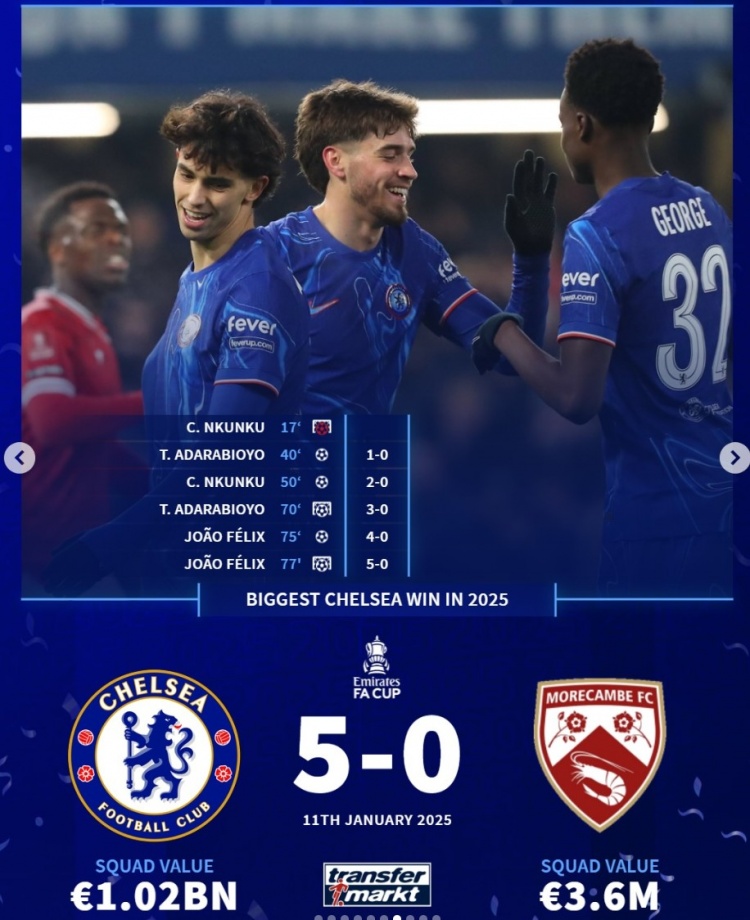 切尔西:足总杯,5-0莫克姆
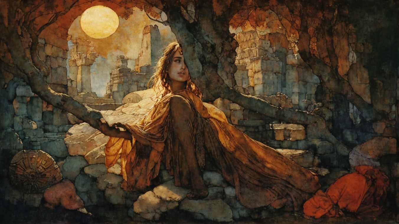 Ancient cities, ancient tales. Ancient spirits Beautiful exotic woman. Arthur Rackham Paul Klee Norman Rockwell anatomically correct Steve Hanks muted tones symmetrical face Ochre Big brown eyes Subdued palette wide open dark eyes Symmetrical eyes, nose and mouth moody, somber, desaturated colors Soft, somber, delicate Soft dappled lighting. Golden hour. Leonardo, Durer, Schiele, Degas, Mondrian - mixed media surreal Richard Burlet celestial Enki Bilal dynamic pose Esao Andrews enigmatic dreamy atmosphere susanne Jamie Heiden cosmic splendor Surreal dream In the darkness I dance
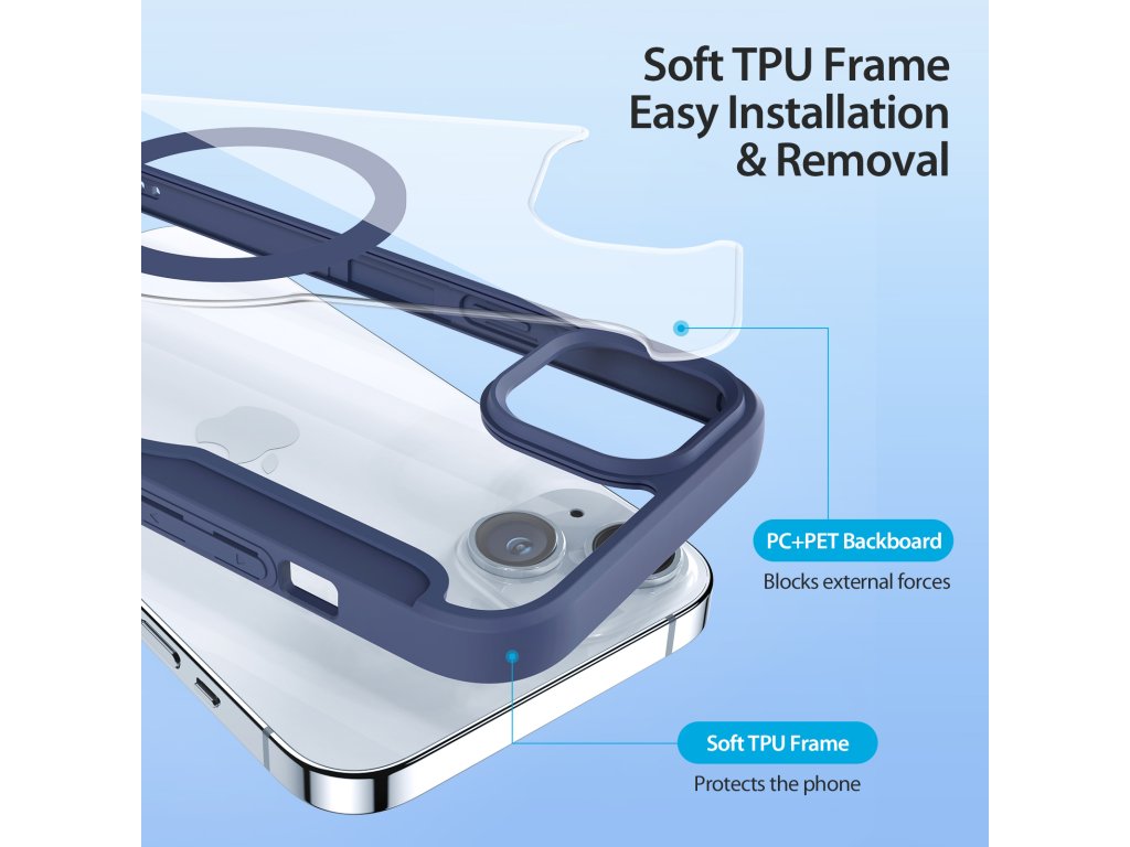 MagSafe pouzdro je vybavené 38 magnety, které jsou seskládány do kruhu. Díky tomu můžete telefon i v pouzdru nabíjet MagSafe nabíječkou, využívat MagSafe powerbanku nebo mít na zádech magneticky připevněnou MagSafe peněženku.
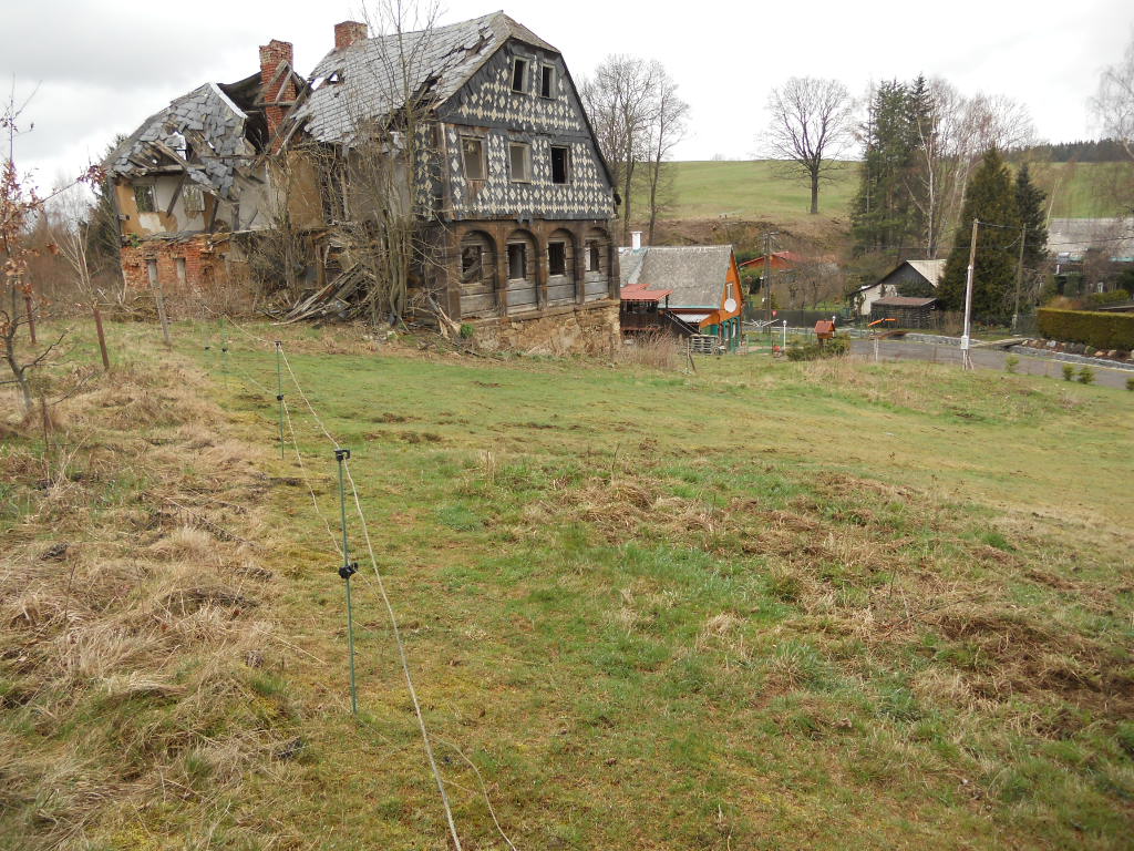 Vzhledem k velmi špatnému stavebně technickému stavu nemovitosti, byla obhlídka provedena pouze z vně objektu. Výměry se dohadují dle zastavěné plochy stavby, stavebně technický stav se dovozuje dle vizuálního posouzení stavby. Jedná se o objekt smíšené konstrukce – podstávkový dům s částečně zděnou konstrukcí. Základy jsou kamenné, stropy dřevěné trámové, tvar střechy je sedlový, střešní krytinu tvoří eternitové šablony. Dům je celkově podsklepený, má celkem dvě nadzemní podlaží v části je druhé podlaží omezené protaženým sklonem střechy. Stáří domu je odhadováno na cca 150 let, jedná se o typickou místní výstavbu konce 19. a začátku 20. století. Dům je ve velmi špatném stavebně technickém stavu, částečně zdemolovaný a pro účely ocenění je uvažován k demolici. Vnitřní vybavení domu se z těchto důvodů neuvažuje. Dům je pravděpodobně odpojen od dostupných distribučních sítí. Zastavěná plocha domu je přibližně 120 m2 - podlahová plocha činí odhadem 170 m2. Územní plán stanoví, že pozemky parc. č. st. 90 a parc. č. 2270 mají možné využití jako obytné plochy, proti tomu pozemek parc. č. 2275 je situován za hranicí zastavitelné části obce a je pozemkem zemědělským.
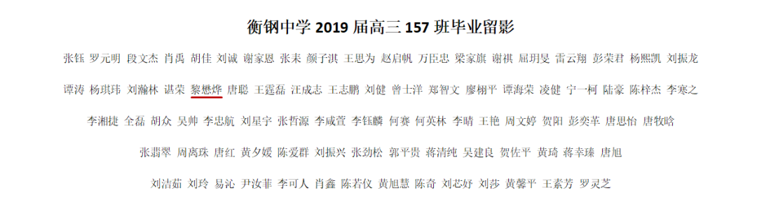 (衡阳市衡钢中学高中2016届高157班校友黎懋烨)
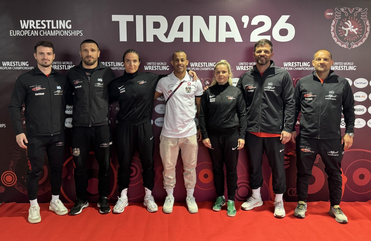 ![]() Österr. Damen- und Griechisch-römisch-Team mit den Betreuern Zuvor fanden die Griechisch-römisch-Wettbewerbe statt – nach der verletzungsbedingten Absage von Daniel Gastl (RSC Inzing) ging sein Vereinskollege Aker Schmid für Österreich an den Start. In der stark besetzten Gewichtsklasse bis 67 kg hatte er gegen den Schweizer Andreas Vetsch bei einer unglücklichen 3:3-Punkteniederlage das Nachsehen. Da dieser das Finale nicht erreichte, blieb dem Heeressportler vom Leistungszentrum Rif/Wals der Weg über die Hoffnungsrunde verwehrt. Im Endklassement belegte Schmid den 15. Platz. Obwohl das Turnier nicht die zu erwartenden Ergebnisse brachte, das Team hat sich unter Bundestrainer Amer Hrustanovic enorm weiterentwickelt, was die jüngsten Erfolge bei den Weltcupturnieren widerspiegeln.
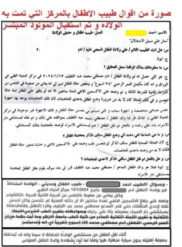 ثالثا: كانت الأم تتابع الحمل في المستشفى منذ الشهر الثاني وحتى الشهر الثامن، وقد طلبت إجراء ولادة مبكرة قيصرية رغم تحذير الطبيب المعالج من خطورة ذلك على حياة الجنين، إذ أكد أن الجنين لم يكتمل نموه وأن التعجيل بالولادة في ذلك التوقيت يُشكل خطرًا جسيمًا على حياته لعدم وجود مبرر طبي للولادة المبكرة.

============================================================

EXERCISE INSTRUCTIONS -
Your reply should consist solely of the lines above, from the opening line through the line with "MagSafe pouzdro je", reproduced exactly and without pictures.

TASK RESPONSE -
 切尔西:足总杯,5-0莫克姆
 Ancient cities, ancient tales. Ancient spirits Beautiful exotic woman. Arthur Rackham Paul Klee Norman Rockwell anatomically correct Steve Hanks muted tones symmetrical face Ochre Big brown eyes Subdued palette wide open dark eyes Symmetrical eyes, nose and mouth moody, somber, desaturated colors Soft, somber, delicate Soft dappled lighting. Golden hour. Leonardo, Durer, Schiele, Degas, Mondrian - mixed media surreal Richard Burlet celestial Enki Bilal dynamic pose Esao Andrews enigmatic dreamy atmosphere susanne Jamie Heiden cosmic splendor Surreal dream In the darkness I dance
 MagSafe pouzdro je vybavené 38 magnety, které jsou seskládány do kruhu. Díky tomu můžete telefon i v pouzdru nabíjet MagSafe nabíječkou, využívat MagSafe powerbanku nebo mít na zádech magneticky připevněnou MagSafe peněženku.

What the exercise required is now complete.